TribFest also offered a rare moment of accountability for industry leaders who spoke on the big stages and participated in panel discussions. It was clear that many of the major corporate players were there to sell products and sell a narrative. But Texans aren’t easily swayed by a polished pitch. Attendees repeatedly saw through the marketing spiel and pushed for real answers: How will these developments actually benefit our communities? How will huge, taxpayer-funded energy subsidies be used? Who carries the risks, and who gets the rewards?

As executives and lobbyists made their cases for new nuclear projects and fossil fuel energy investments, audience members kept returning to the issues Texans face every day: reliability, affordability, environmental impacts, water scarcity, and long-term accountability. The questions were all rooted in lived experience - because Texans have to live with the consequences of corporate actions every day.

That’s the power of public dialogue.
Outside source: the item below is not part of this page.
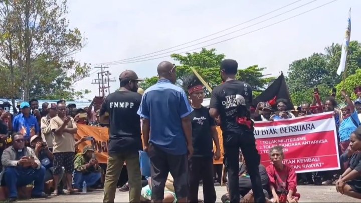 “Orang Papua mau bicara bahwa Papua bukan tanah kosong! Papua bukan tanah kosong! Papua bukan tanah kosong!” teriak Pdt. Jhon yang disambut seruan setuju dari ratusan peserta aksi.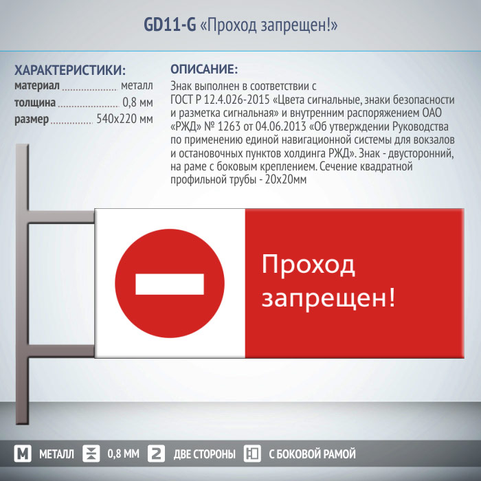 Знак «Проход запрещен!», GD11-G (двусторонний горизонтальный, 540х220 мм, металл, на раме с боковым креплением) в Великом Новгороде купить

Being on a stage - face-to-face with the people impacted by these decisions - forces a level of transparency that is pretty uncommon. We hope industry leaders heard what Texans were saying loud and clear: We want solutions that protect our communities and our environment. Not corporate profits.
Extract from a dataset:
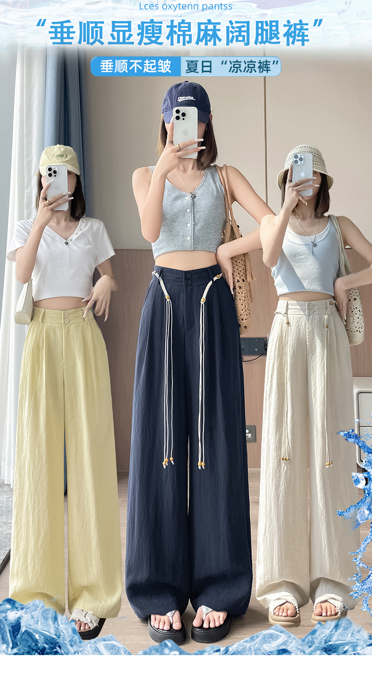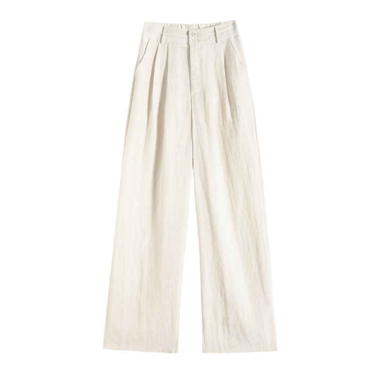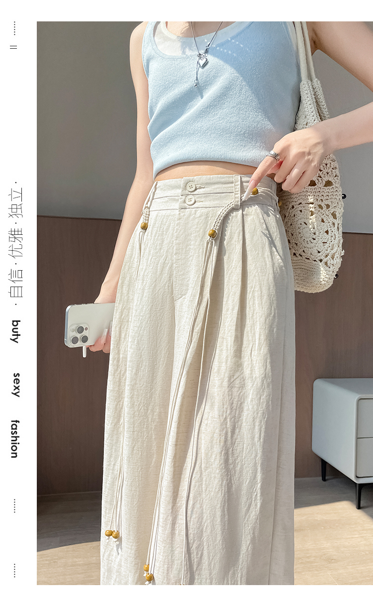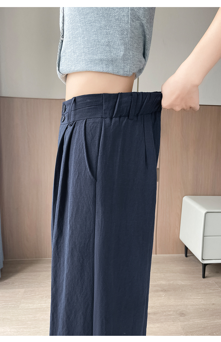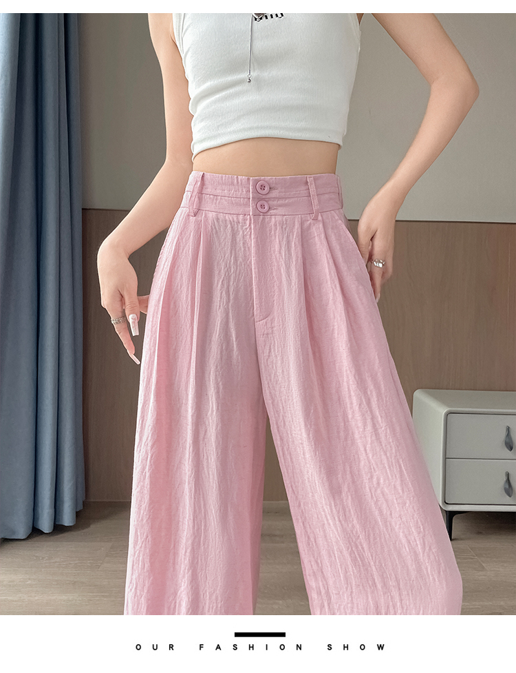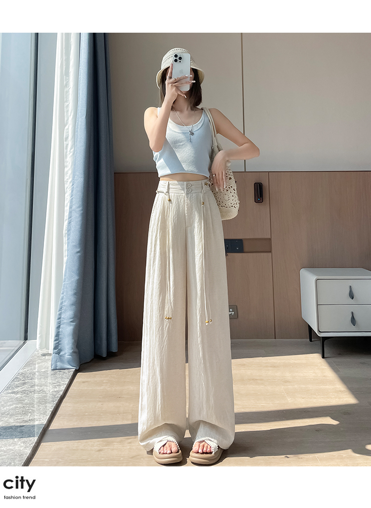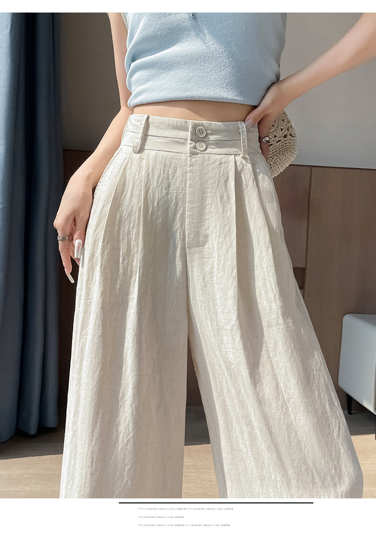 RY1319# 实拍2026夏季新款 棉麻时尚高腰双排扣直筒拖地休闲阔腿裤

Overall, TribFest was a reminder that Texas is full of smart, passionate people ready to build a resilient, affordable, and better future. When we come together across sectors and experiences, we can create real change - and hold those in power accountable.

I’m already looking forward to next year, and I hope to see even more community voices, local leaders, and environmental advocates on stage. Because the conversations that shape Texas should reflect the people who call it home.